身長は150センチ、体重は適当でいいか………40キロにしとこう。年は13?14か………14でいいや。あと、特徴は銀髪蒼眼、髪は膝裏ぐらいまで………っと、これでいいか。
「はい、ありがとうございます。えっと、ではこちらのカードに触れてください。それであなたのステータスが分かりますので、その数値に応じてなりたい職業を選んでください。あと、職業は何時でも変えられるので安心してください。」
エリス様に本当になれているなら、幸運が高いのだろうか?幸運の女神だしね。どうなるんだろう?俺は不安と期待を込めてカードに触れた。
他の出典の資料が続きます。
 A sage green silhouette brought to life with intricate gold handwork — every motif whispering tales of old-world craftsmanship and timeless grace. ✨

「………はい、ありがとうございます。リリスさんですね。ええと………えぇぇぇぇぇぇぇぇぇぇぇぇ!?何ですかこのステータスは!?あなた何者ですか!?」
「ひぃぃぃぃぃぃぃぃぃぃぃぃ!?」
び、びっくりした!
受付のお姉さんがいきなり大きな声を出したので、俺に一斉に視線が集まる。
うわぁぁぁぁぁぁぁぁ、恥づかしい〜。やばい、絶対顔赤いわ〜。なんでいきなり大きな声を出すんだよ!それで結局ステータスは!?どうなったの?
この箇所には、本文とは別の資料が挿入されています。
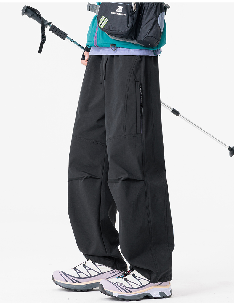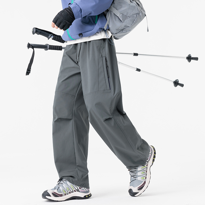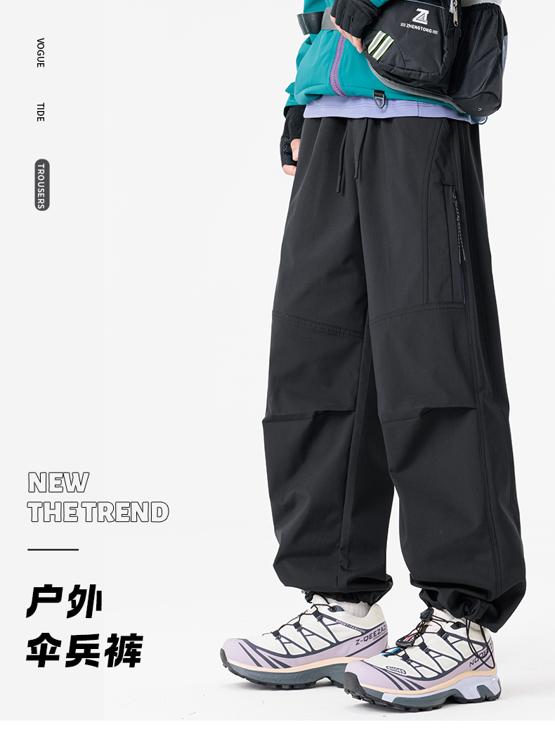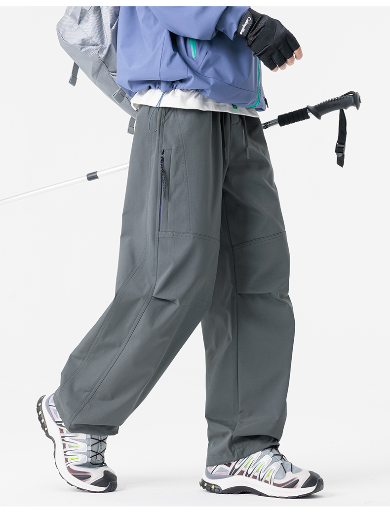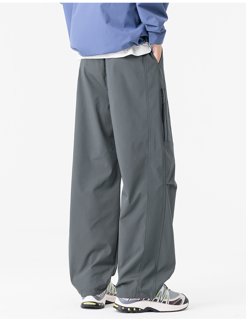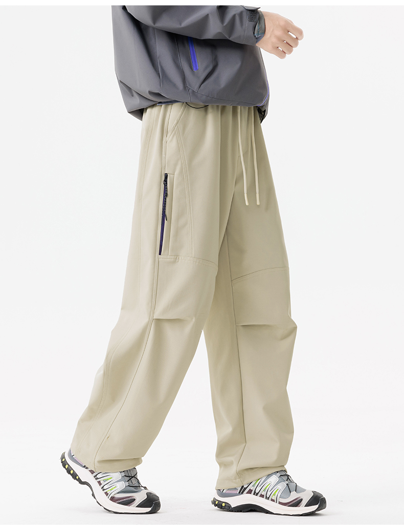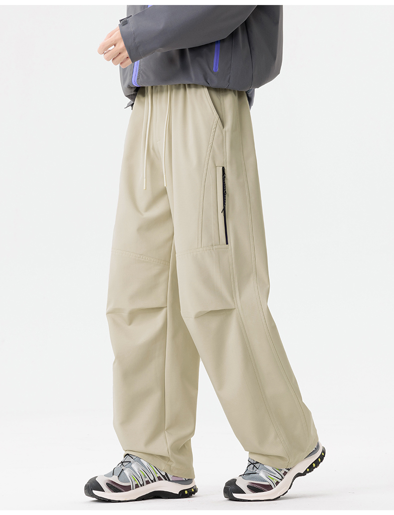 새로운 미니멀리즘 운동 바람 스트레이트 캐주얼 바지 남성 루즈핏 펌프 로프 긴 바지 저항 주름 도루 센스 다용도 남자 웨이 바지

「あ、あの、それでステータスはどうなんでしょうか?」
「は、はい。す、すみません。えっと、あなたは幸運が物凄く高いですね。あと、魔力と知力も高いですね。筋力と生命力が最低値ですが、それ以外は全て平均値を超えていますね。でも、これすごい事なんですよ!?これなら、アークウィザードやアークプリーストに…………え?なんですかこれ?ビーナスと言う職業がありますね。どうします?この職業は初めて見るものなので、まだギルドでも把握出来ていませんが………………」
ビーナスって女神だよね?うん、多分そうだ。
「ビーナスにします!」
俺がそう言うと、少し驚いた顔をしている。
だって、俺女神だしね。
「え!?いいんですか?まだどんな職業かも、分からないんですよ!?」
「はい、いいんです。ビーナスがいいんです」
「わ、わかりました。ではビーナス………っと。冒険者ギルドへようこそリリス様。スタッフ一同、今後のご活躍を期待しています!」
こうして俺の異世界での冒険が始まるのだった。